A few of the members of the meeting wanted to continue and discuss methods of improving his relationships with the support staff. I, however, did not because of the prideful demeanor he was displaying. Pride is a horrible attribute to possess. It blinds you. It hurts you.

How to Deal with the Prideful Person

  1. Don’t use the direct assault method with them. Prideful people have one characteristic that impairs them from hearing your message - pride. They won’t listen and they are likely waiting for a fight. Remember, they think they are always right. Any data or argument you offer will be seen as an attack and an opportunity for them to prove you wrong. Their pride keeps them from being open-minded. You will have to approach them from the side. They will be looking for a debate, you will need to do something different.
  2. Ask questions instead. Asking good questions is something I learned from my old mentor Jim Camp. Asking good questions is great to bring down the defense of someone who is prepared for an argument. Questions will get you off the you attack, they counter-attack mode. Before you sit down with them, craft some good opened questions. Folks with pride have deficits in their personal insight. Their ego prevents them from seeing their world differently. Craft your questions to help them view the situation from a different angle. They won’t see it coming and will drop their defenses to deal with the unanticipated tactic.
  3. Develop their pain. Listen to what they are saying and how they say things. Another great technique to get a prideful person to open up and lower their defenses is to mirror their behavior. Chris Voss in his book Never Split the Difference has some great tips on how to effectively mirror. In it he suggests using the Jedi mindtrick. Merely repeat the few important words they have just said. This will prompt them to continue to talk and reveal more information, thus giving you greater insight into their world. As you begin to understand how they think and feel, you’ll be better informed as to the best method of changing their behavior.
  4. Dump your baggage. Check your own personal feelings at the door. You may not like the prideful person, but leave those emotions outside the meeting. If you do like the individual, leave those positive feelings outside as well. Do your best to avoid allowing your emotions to sway you one way or another. Recognize how your bias might influence your confrontation and counseling. Finally, if you ever think the prideful person is a necessary team member, that your business “can’t live without them”, dump that feeling fast. Understand what you want and need as a leader. You want a solid cohesive team that functions well together at all times. You need team players. If their behavior prevents you from attaining what you want and need, then perhaps they shouldn’t be on the team.
  5. Be willing to let go. Ultimately, you cannot change anyone who refuses to change. Remember, their behavior and actions are preceded and determined by their thoughts and feelings. To change their behavior, you must somehow change their mindset and attitude. Changing someone else’s attitude and mindset is infinitely more difficult than changing your own. How much success have you had in changing your own? How much easier do you think getting someone else to change will be? Set up a plan and milestones of progress. If you don’t see the desired change in behavior, then you must be willing to let them go.

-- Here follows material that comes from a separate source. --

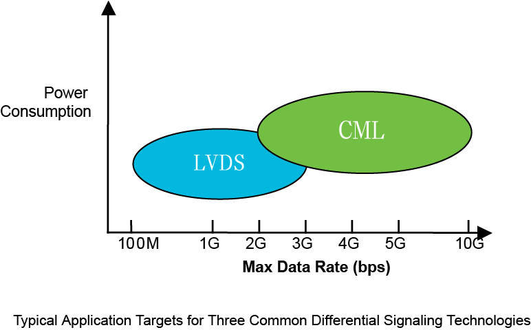 當(dāng)Data Rate低于2Gbps時,LVDS的應(yīng)用更為廣泛,其功耗更低,抗干擾強(qiáng),較寬的共模電壓范圍讓互連的要求變得很低。LVDS還有支持多點(diǎn)互連的M-LVDS和B-LVDS標(biāo)準(zhǔn),可以多節(jié)點(diǎn)互連,應(yīng)用場景非常豐富。當(dāng)Datarate高于3.125Gbps就必須要使用CML了。當(dāng)Data Rate在2G到3.125Gbps之間時,要綜合考慮功能性,性能,和功耗的平衡。比如說傳輸距離較長,但信號品質(zhì)要求又很高的時候,考慮用CML;傳輸距離較短,要求長續(xù)航,低功耗的時候,考慮用LVDS。
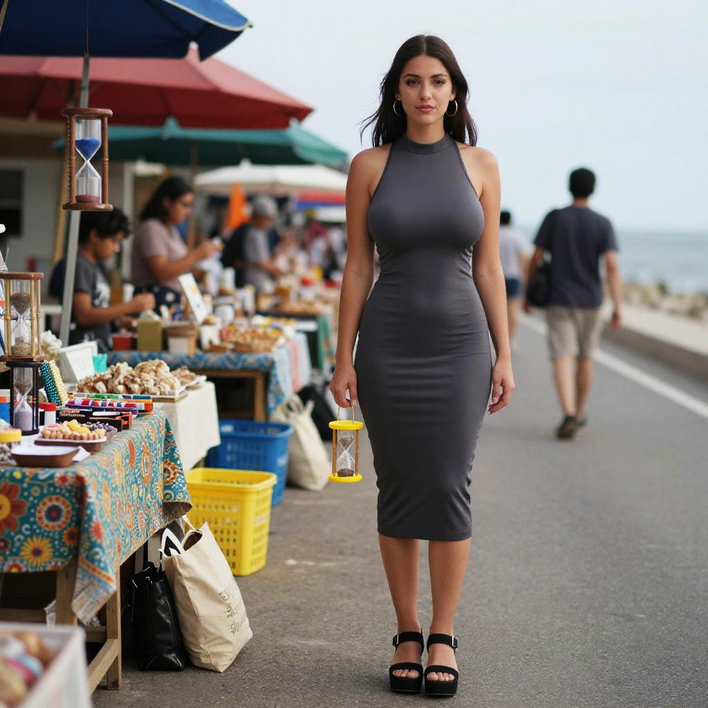A hourglass woman in a minimalist charcoal grey A-line dress with a high neckline and black platform sandals stands in a vibrant outdoor market by the seaside, surrounded by colorful stalls and lively activity. Visual style: oversaturated film. Sexy. Pretty face and beаutiful eyes. Big breasts

Dealing with a prideful person is hard and unpleasant. If you want to rehabilitate them, you must protect yourself from their out-lashes and words. Get your mind and spirit right before you have the awkward conversation. Remember, the conversation is about them and their behavior, not the team, other people, the company or even yourself. Only they can change their attitude and mindset; you can just provide a plan and incentive to do that.

Check out my books!

The Financially Intelligent Physician & Great Care, Every Patient are available at Amazon and Barnes and Noble.

Learn more
Close

50% Complete

Sign up today

Sign up for my newsletter. You'll get a monthly email from me sharing valuable business knowledge you can use to have the business you desire.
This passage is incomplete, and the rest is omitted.